Get your financial life in order
If you’re feeling panicked about money, the first thing you want to do is get organized.
This is what Sun calls, “Stop, drop and reassess.”
Gather your financial statements, including for your retirement investments and savings and checking accounts.
“Go through the process of figuring out your budget, how much of your money you have going out and where is your money going,” Sun said.
The key thing is to be slow and steady. Think about ways you can consistently save.
founder of Sun Group Wealth Partners
Tally up your absolute necessities and figure out how much those cost. This includes your rent or mortgage, utilities, groceries and medications.
Anything that doesn’t fall in those core needs categories are not must-haves. That shows where you may be able to cut back when money is tight.
Be ready to negotiate
If you have debts you can’t pay – such as credit cards or student loans – don’t be afraid to let your lenders know.
“Overcommunicate with people that you might owe money to and see where you can find some relief,” Sun said.

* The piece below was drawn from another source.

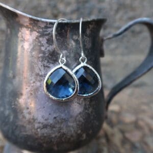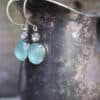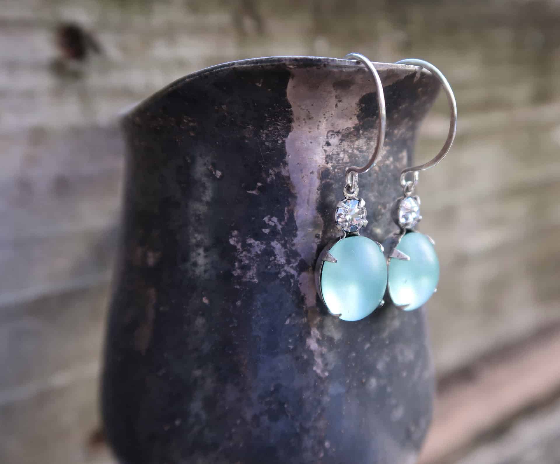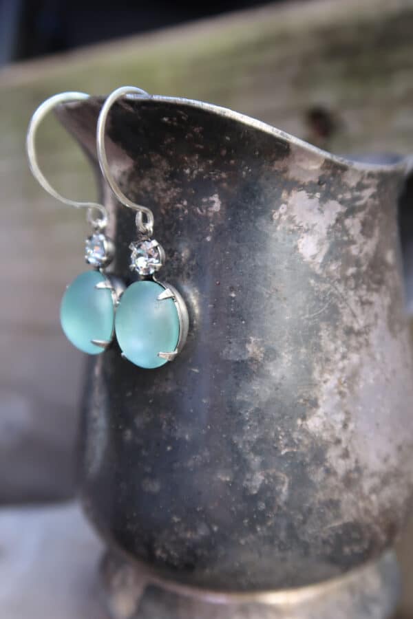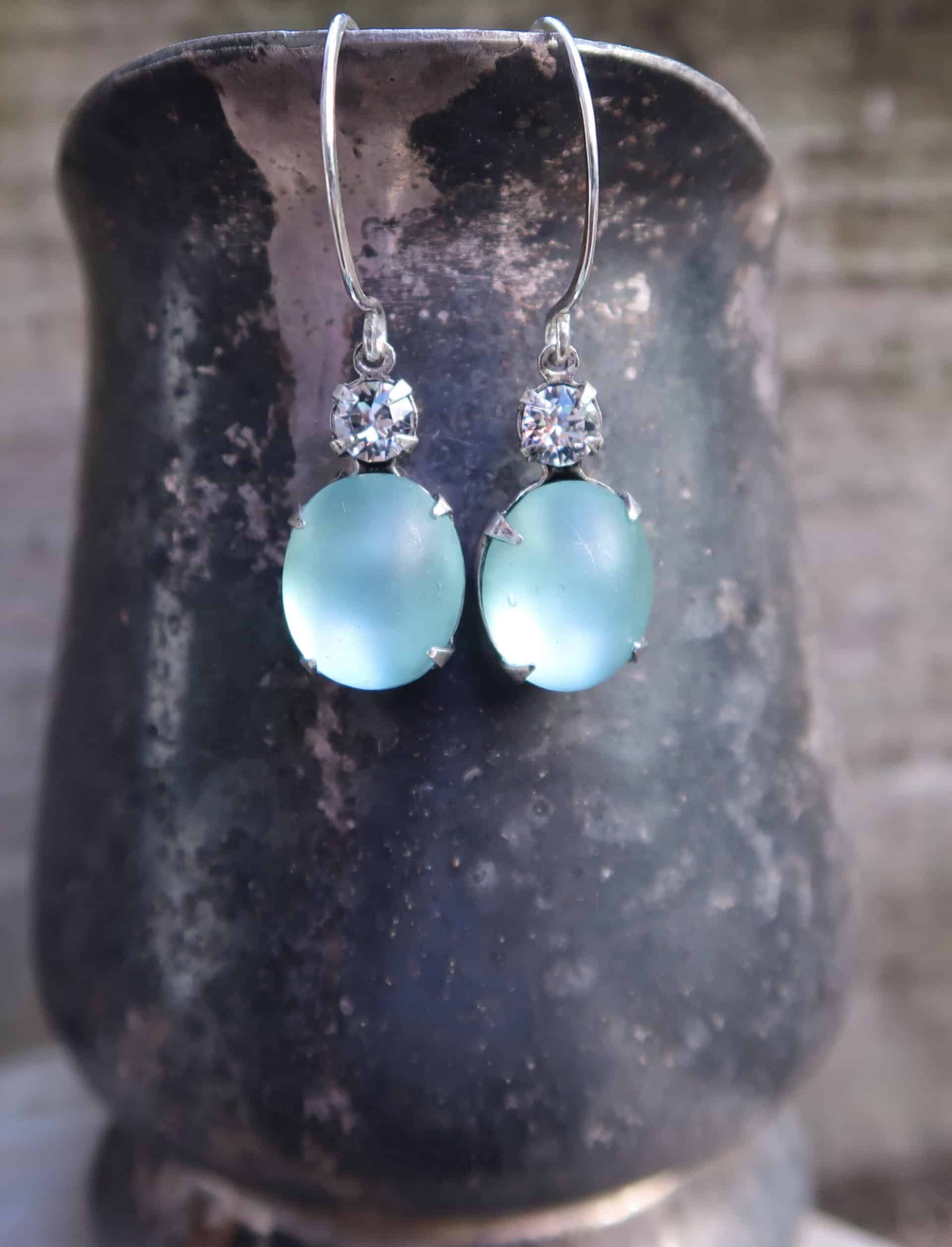 Vintage 1950’s Swarovski Crystal and West German frosted aquamarine glass on hand made sterling silver ear wire

You may be surprised by the results, Sun said. With so many people also going through the same thing, you may be more likely to get some flexibility by postponing your payments or refinancing.
Stock up on cash
The average American should have at least six months’ worth of living expenses set aside in an emergency, Sun said.
To estimate how much you will need, tally up how much you spend over the course of a month. Do that for four months and then take the average. Then, multiply that times six, Sun suggests.
If you have children, be sure to add extra for them. Sun recommends an extra three months’ savings per child.